Victoria Bampton said:


> It should run, as long as your performance expectations are realistic. It won't compete with a high end desktop, but I'm assuming you're not planning on retouching thousands of photos every day.


Thanks for your response! I will definitely not be editing too many photos each day. I will occasionally mess around with stacking images (up to 30) from night shots. The majority of my editing will be retouching a few pics a day on average. 

Just looking for an inexpensive device to do occasional editing,  and also other task (streaming movies), etc.

Sent from my SM-G950U using Tapatalk


----------



## markley (Nov 28, 2018)

JohanElzenga said:


> No, Lightroom CC does not have the ability to stack images. Not even Lightroom Classic can do this for the purpose of noise reduction. This is Photoshop work.

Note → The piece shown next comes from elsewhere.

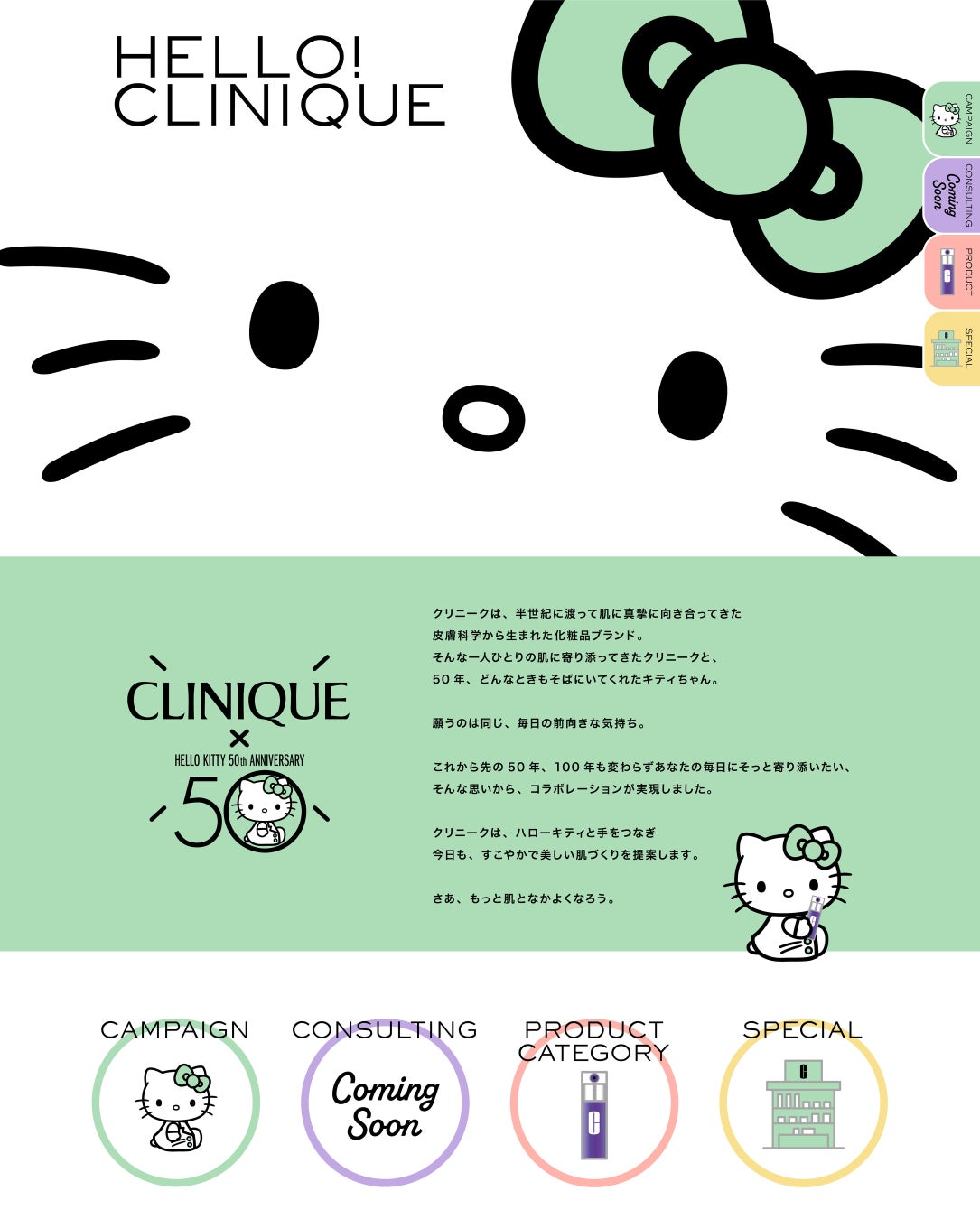 50年、世界中になかよくを届け続けてきたハローキティと、一人ひとりの肌に寄り添ってきたクリニークが手をつなぎ、7月31日(水)から「HELLO! CLINIQUE」をコンセプトにキャンペーンを開始。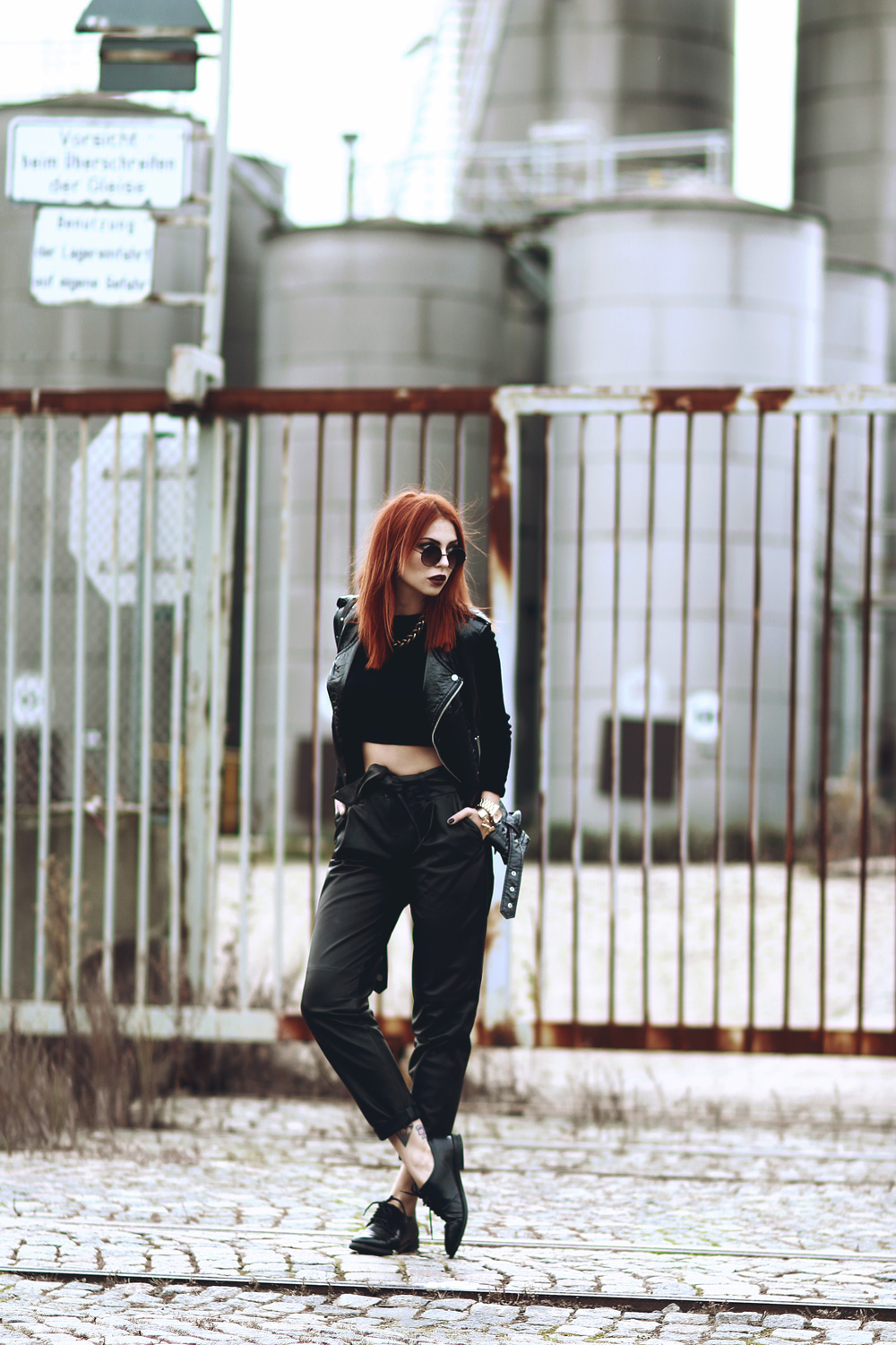 und dein neues outfit hier sieht ja mal der hammer aus. bin ganz hin und weg von der lederhose und wie du sie kombiniert hast, besonders mit der sonnenbrille

Both of the videos I posted show that he is using Lightroom? At least that's what it says at top. 

Sent from my SM-G950U using Tapatalk


----------



## mcasan (Nov 28, 2018)

Can't wait for Ps for iPad on our iPad Pros.   With Ps and Acr on the iPad, I can ignore the huge limitations of Lr CC/Mobile.


----------



## Jim Wilde (Nov 28, 2018)

markley said:


> Both of the videos I posted show that he is using Lightroom? At least that's what it says at top.


Not really. I looked at the second video, where he starts off in Lightroom for some initial adjustments to the individual frames, but then he takes them all into Photoshop where all the stacking and creative layer work is done. As Johan said, Lightroom cannot do this, you need Photoshop or a third-party tool.


----------